The TIP provides priority indicators of compromise (IoCs) to the SIEM and receives sightings from the SIEM based on those IoCs. The SIEM then receives logs and alerts from Defences, and the TIP receives IoCs from Defences and provides signatures and IoCs for detection and blocking.

The Defence’ system’ can include many components that TIPs are designed to integrate with, including firewalls, intrusion detection and prevention systems, domain name systems (DNS), and email and web gateways. A TIP can push signatures to defence systems, for example, a DNS blocklist that is continuously updated with the latest risky domains and IP addresses. 

Furthermore, a TIP can interface with intelligence collection systems like a sandbox, honeypot, deception technology or a phishing analysis system. These tools are good sources of internal intelligence from which a TIP can collect, normalise, score and share CTI so that attacks detected in one area are shared across organisational systems for collective immunity.

Much has been written about extended detection and response (XDR), which is the capability for unified threat visibility across networks, endpoints and the cloud. The XDR concept focuses on a given vendor’s ability to leverage their intelligence across their portfolio of defensive systems, starting with EDR. This closed loop has two limitations: the vendor’s technology is needed everywhere, and organisations are limited to that vendor’s threat intelligence. The modern reality is that nearly all organisations have a diverse mix of security vendors and a platform helps share any data and intelligence, so they behave like a single unified system.

With Open XDR (integrating disparate point products from different vendors into a unified system), the TIP receives intelligence from internal, paid, open, ISAC, CERT, and partner sources, and shares this with the SIEM, EDR and defences. The SIEM and EDR tools provide the TIP with real-time analysis and sightings of IoCs based on this intel, and if detected, the TIP will send these IoCs for detection or blocking. 

This intel on IoCs is shared with the SIEM and EDR tool while the TIP receives logs and alerts from defences. The vendor will send this intel via signatures and rules to their devices on the customer’s premise. The SIEM, EDR and defences work together to provide sightings of IoCs to the TIP and, if of a malicious nature, will block them. 

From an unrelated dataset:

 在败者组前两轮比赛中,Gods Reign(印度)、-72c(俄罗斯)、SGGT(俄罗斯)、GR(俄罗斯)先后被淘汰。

Even if an organisation used a single vendor throughout, a TIP still opens the environment to external and internal CTI over and above the vendor’s threat analysis capabilities. After all, no vendor has 100% coverage on threats, especially new and customised attacks.

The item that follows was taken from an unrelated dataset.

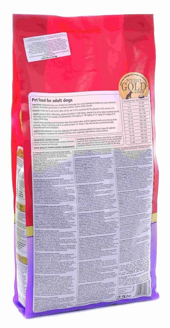 NERO GOLD DOG ADULT SENSITIVE TURKEY для взрослых собак всех пород при аллергии с индейкой и рисом (2,5 кг)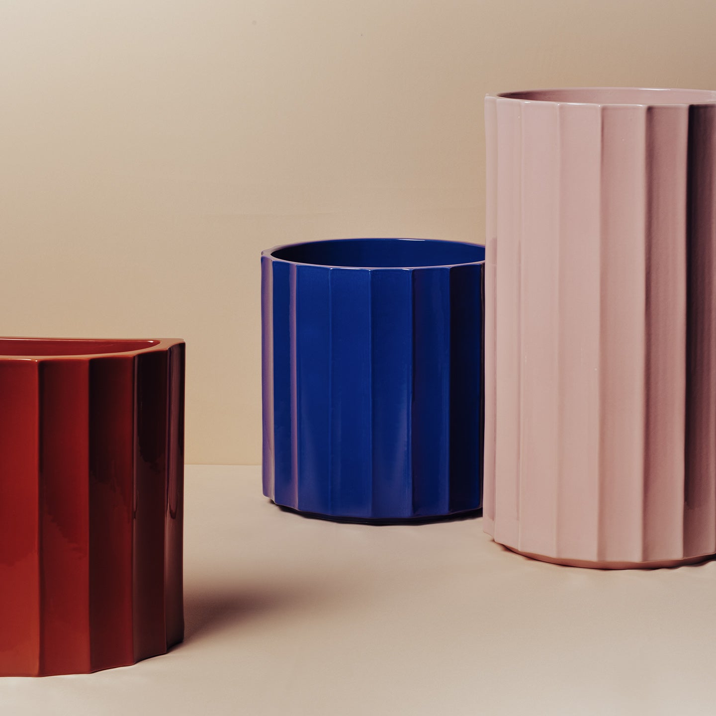 Una collezione che celebra il patrimonio classico della storia dell’arte, in un dialogo tra culture che si ispira alle produzioni fittili comuni alla Grecia e all’Italia antica. La collezione presenta tre vasi cilindrici impilabili e due semicilindrici da parete, scanalati come le colonne classiche.

A CTI program that prevents even a single breach each year will pay for itself. But, unless an organisation is suffering data breaches constantly, it’s unlikely to have any hard data to calculate an ROI. Instead, one approach is to track the organisation’s ability to detect compromises and determine which of those were exclusively detected with intelligence from the CTI program. 

Another approach involves measuring threats blocked by defences resulting from unique signatures versus the cost of detection in the SIEM or EDR and subsequent handling via the SOC. Companies can estimate or calculate the risk reduction by implementing defence in-depth, using different types of IoCs (domains, file hashes, etc.) associated with a campaign or style of attack.

While internally gathered intelligence is contextually relevant, it often lacks details, which can be added through enrichment by analysts. A fusion centre also helps by correlating internal intelligence with external intelligence — adding a rich layer of details and content. 

It improves the confidence of analysts, expands the set of related IoC’s to watch for, adds information like common vulnerabilities and exposures (CVEs) and MITRE ATT&CK tactics, techniques and procedures (TTPs), and even leads to adversary attribution. For this reason, internal intelligence and external intelligence complement each other well, and a TIP is designed to bring the two together as a force multiplier.